Volume 15, Number 4, December 1999
By Joseph King
NSSDC's solar wind magnetic field and plasma parameter data are its most widely accessed and used space physics data. They are so widely used because they are needed as correlative data in a broad range of studies and are fairly easily understood and used.
In contrast, a majority of NSSDC space physics data sets are more difficult to use and understand, are often at a "lower processing level," and are not relevant to so broad a range of science analyses. However, these data sets often contain still-unmined science potential relevant to key current science questions.
An example of a data set that might have such potential is the Heavy Nuclei Experiment (HNE) flown on the High Energy Astrophysics Observatory (HEAO 3) in 1979-1981. The HNE was intended to measure high energy nuclei with atomic number (Z, nuclear charge) between 17 (chlorine) and 100 (fermium) with the ability to resolve individual elements. Such cosmic ray composition data are used in studies of nucleosynthesis (how elements are created) and in studies of the propagation of cosmic rays from their point of origin to the time and place of being observed.
Key scientists associated with the HNE experiment were co-PIs M. H. Israel (Washington University), E. C. Stone (Caltech), and C. J. Waddington (University of Minnesota), and co-PIs W. R. Binns (McDonnell Douglas Corporation) and J. Klarmann (Washington University). Data processing and management were largely done at Caltech under the leadership of the late T. L. Garrard.
The HNE is a very sophisticated package containing four multiwire hodoscopes for determining path direction, six ionization chambers, and two Cherenkov detectors. A given incident cosmic ray particle will penetrate some or all of these aligned elements. For each such particle is captured the following information: which pair of wires fired in each hodoscope (thus fixing the particle direction of motion); the amount of energy deposited in each of the ion chambers; the amount of energy recorded in each of eight photomultiplier tubes observing light emitted by the Cherenkov detectors. It is the combination of all these parameters that enables the determination of the atomic number and the energy of any given cosmic ray.
Scientific results of this investigation are given in Binns et al., Astrophysical Journal, Volume 346, page 997 (1989) and in the earlier papers referenced therein. According to Dr. Israel the three major scientific results of this investigation were as follows:
1. The flux of actinides (very high Z) in the cosmic rays is much lower than suggested by earlier balloon-borne plastic track and nuclear emulsion experiments.
2. The cosmic ray abundances of Z< 60 elements are broadly similar to solar system abundances, while abundances at Z > 60 suggest enhancement of "r-process" elements.

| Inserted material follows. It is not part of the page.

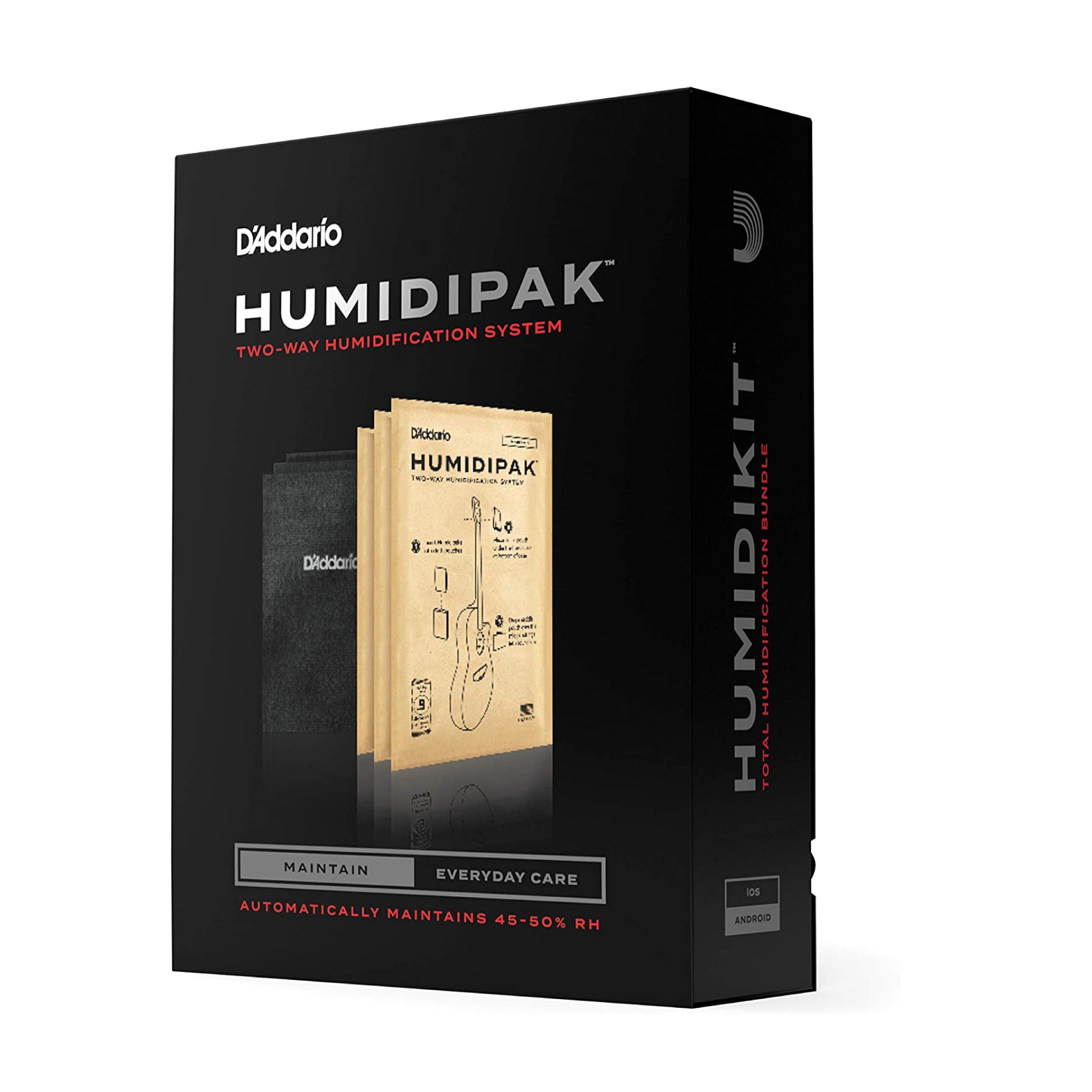 The D’Addario PW-HPK-01 Humidipak is the only maintenance free, two-way humidity control system for guitar. It automatically maintains the optimal 45-50% relative humidity level within your instrument case, eliminating the guesswork and potential mess related to refilling a humidifier. Unlike refillable humidifiers, the Humidipak system provides true “two-way” purified humidity control by adding and removing moisture on demand. No more manual adjustments based on seasonal changes, geographic locations, temperature, or other factors. The Humidipak Kit comes with 3 Humidipaks and a soft mesh pouch that will not harm your instrument’s finish. Humidipaks last between 2 and 6 months and should always be kept in a sealed environment like a hard-shell case. Once the Humidipaks become firm, discard, and replace using the 3 refills that come in the Humidipak Replacement Pack (PW-HPRP-03).

3. The abundance of Germanium (Ge, Z = 32) relative to Iron (Fe, Z = 26) in the cosmic rays is about half that in the solar system even though Ge and Fe have almost identical first-ionization-potential (FIP), suggesting that element fractionation according to FIP does not fully explain cosmic ray abundances.
NSSDC holds a set of 591 nine-track HNE "library tapes" (about 100 GBytes) provided by the experimenter with all these parameter values for each heavy cosmic ray observed over the 600-day HNE life. This information includes about 20 million iron nuclei and ten thousand nuclei with Z > 40. A great deal of documentation and software source code accompany the data. In addition, NSSDC holds two subsets of the data created initially by the PI team to support the majority of the analyses done by them. One, called "gold," contains data on 21 tapes (~ 4 GBytes) for all the cosmic rays reliably identified as Z > 30, and the other, called "cobalt," contains data on 11 (~ 2 GBytes) tapes for all cosmic rays passing most closely along the axis of the detector package and thus having the best resolution in atomic number.
NSSDC can provide a bibliography of the scientific papers done with these data to date. These HNE data (along with contemporaneous data from the UK Ariel 6 spacecraft) remain unique in terms of the range of atomic number and energy covered.
While NSSDC has provided electronic access to many recent data and selected older data in the past several years, it wants to identify and prioritize additional older data sets in its archive for promotion to electronic accessibility based on the likelihood of their contributing to significant new scientific results. The author of this article asks readers interested in the promotion of this HEAO 3 HNE data set or any other NSSDC data set still held off line identified in the Web-accessible NSSDC Master Catalog to let this author know. Expressions of even latent interest in the full HNE data set (as distinct from the much smaller "gold" and "cobalt" subsets) would be useful.
The author thanks to Dr. Israel for comments on a first draft of this article.